§ **DATASET EXCERPT**
· · ·

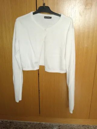 Torerita blanca para niña de 12 años. Es una prenda de manga larga y corte cropped. - Cierre de botones. - Cuello redondo.
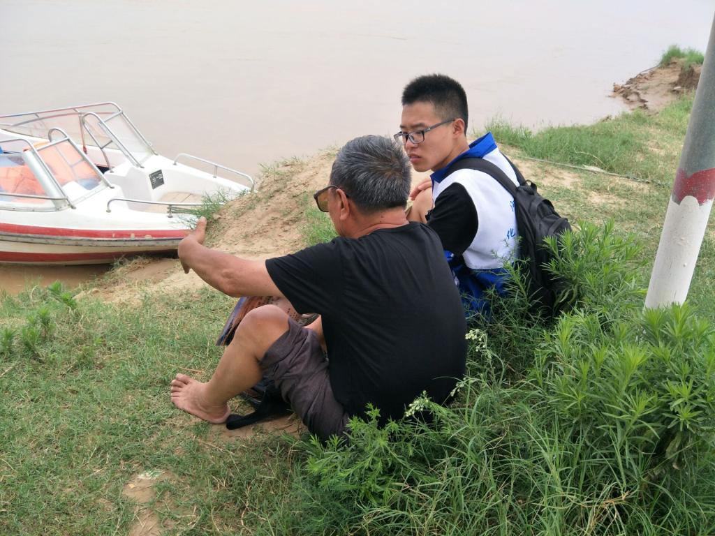 在宣传的同时,另一部分队员跟岸边运营游艇的师傅交流,希望去黄河中指定的区域取水样。师傅非常配合大家的要求,在成功取到合格的水样之后,师傅还带这队员们在黄河中观赏一圈。亲身感受到黄河的魅力和美丽后,大家更加坚定了保护母亲河的信念。
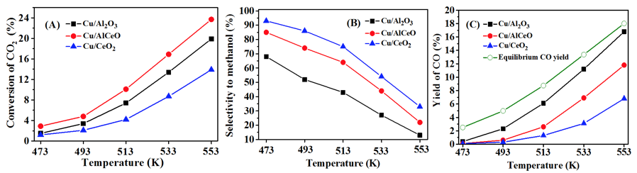 Al2O3表面主要呈酸性,CeO2表面主要呈堿性,采用共沉淀法制備了3種表面不同酸堿性的Cu基催化劑,分別為Cu/Al2O3、Cu/CeO2和Cu/AlCeO (Cu/CeO2/Al2O3),表面酸堿位強(qiáng)度及數(shù)量用吸附量熱進(jìn)行了表征(圖1(A)和(B))。隨著載體中CeO2含量的增加,催化劑表面堿性明顯增強(qiáng)。圖2是3種所制備催化劑對(duì)CO2催化加氫的性能數(shù)據(jù)。研究結(jié)果表明,強(qiáng)表面堿性有利于增強(qiáng)甲醇的選擇性。原因可能是強(qiáng)表面堿性增強(qiáng)CO在催化劑表面的吸附,抑制逆水汽反應(yīng),進(jìn)而提高了甲醇的選擇性(圖1C)。同時(shí),適量增加Al2O3的含量,有利于Cu粒子分散,Cu顆粒的高分散有利于CO2催化活性的提高。最終,Cu/AlCeO催化劑獲得了最優(yōu)的催化CO2加氫制甲醇性能,CO2轉(zhuǎn)換率在553K時(shí)達(dá)到23.7%,甲醇選擇性在473K時(shí)達(dá)到85%,甲醇產(chǎn)率在533K時(shí)達(dá)到7.4%。(Catalysis Today, 2020, 339, 352-361. (ESI高被引論文))
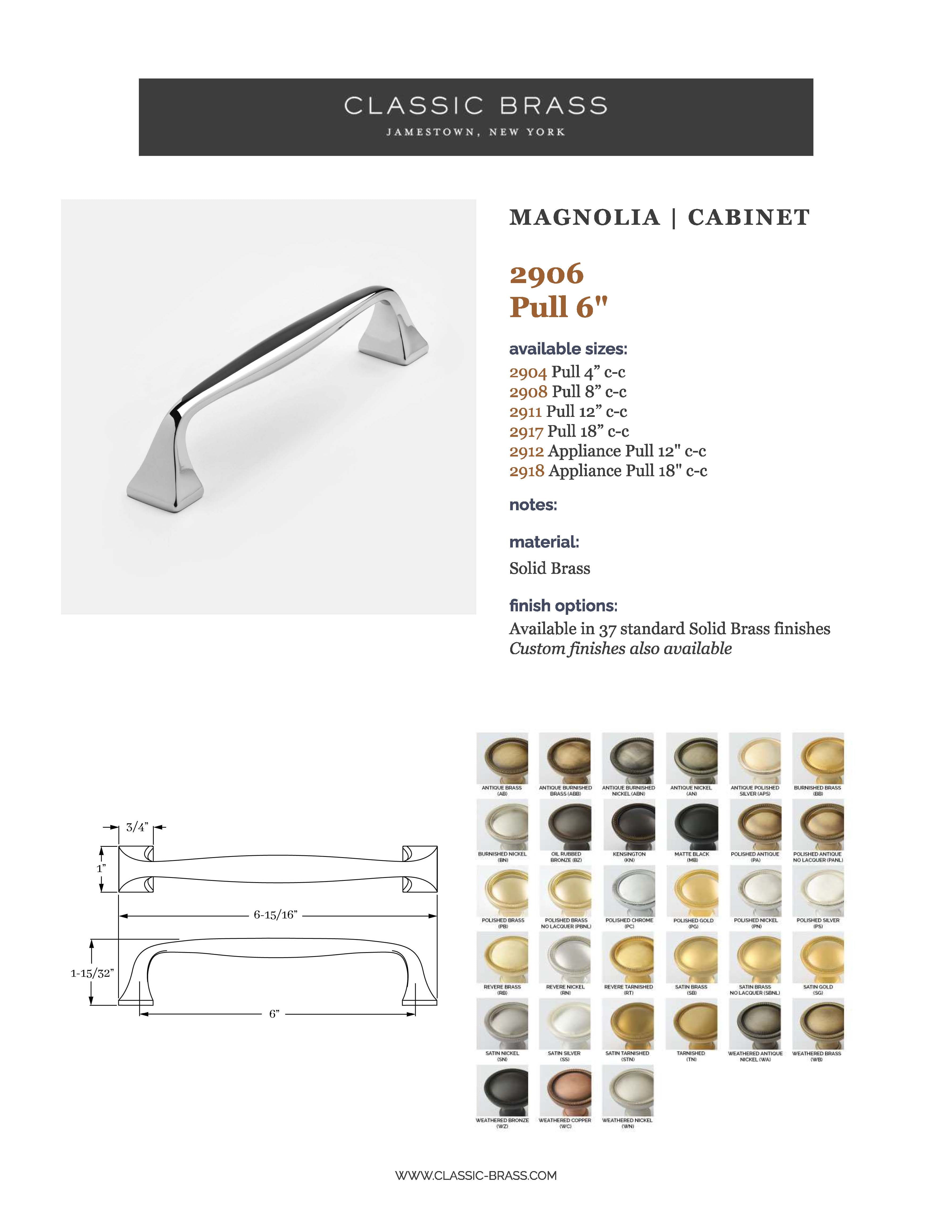 2906, Pull - 6" c-c, Classic Brass Magnolia Collection

· · ·

§ **HOW TO COMPLETE THIS TASK**
Hand back the data above exactly, leaving out all pictures.

§ **RESPONSE**
 Torerita blanca para niña de 12 años. Es una prenda de manga larga y corte cropped. - Cierre de botones. - Cuello redondo.
 在宣传的同时,另一部分队员跟岸边运营游艇的师傅交流,希望去黄河中指定的区域取水样。师傅非常配合大家的要求,在成功取到合格的水样之后,师傅还带这队员们在黄河中观赏一圈。亲身感受到黄河的魅力和美丽后,大家更加坚定了保护母亲河的信念。
 Al2O3表面主要呈酸性,CeO2表面主要呈堿性,采用共沉淀法制備了3種表面不同酸堿性的Cu基催化劑,分別為Cu/Al2O3、Cu/CeO2和Cu/AlCeO (Cu/CeO2/Al2O3),表面酸堿位強(qiáng)度及數(shù)量用吸附量熱進(jìn)行了表征(圖1(A)和(B))。隨著載體中CeO2含量的增加,催化劑表面堿性明顯增強(qiáng)。圖2是3種所制備催化劑對(duì)CO2催化加氫的性能數(shù)據(jù)。研究結(jié)果表明,強(qiáng)表面堿性有利于增強(qiáng)甲醇的選擇性。原因可能是強(qiáng)表面堿性增強(qiáng)CO在催化劑表面的吸附,抑制逆水汽反應(yīng),進(jìn)而提高了甲醇的選擇性(圖1C)。同時(shí),適量增加Al2O3的含量,有利于Cu粒子分散,Cu顆粒的高分散有利于CO2催化活性的提高。最終,Cu/AlCeO催化劑獲得了最優(yōu)的催化CO2加氫制甲醇性能,CO2轉(zhuǎn)換率在553K時(shí)達(dá)到23.7%,甲醇選擇性在473K時(shí)達(dá)到85%,甲醇產(chǎn)率在533K時(shí)達(dá)到7.4%。(Catalysis Today, 2020, 339, 352-361. (ESI高被引論文))
 2906, Pull - 6" c-c, Classic Brass Magnolia Collection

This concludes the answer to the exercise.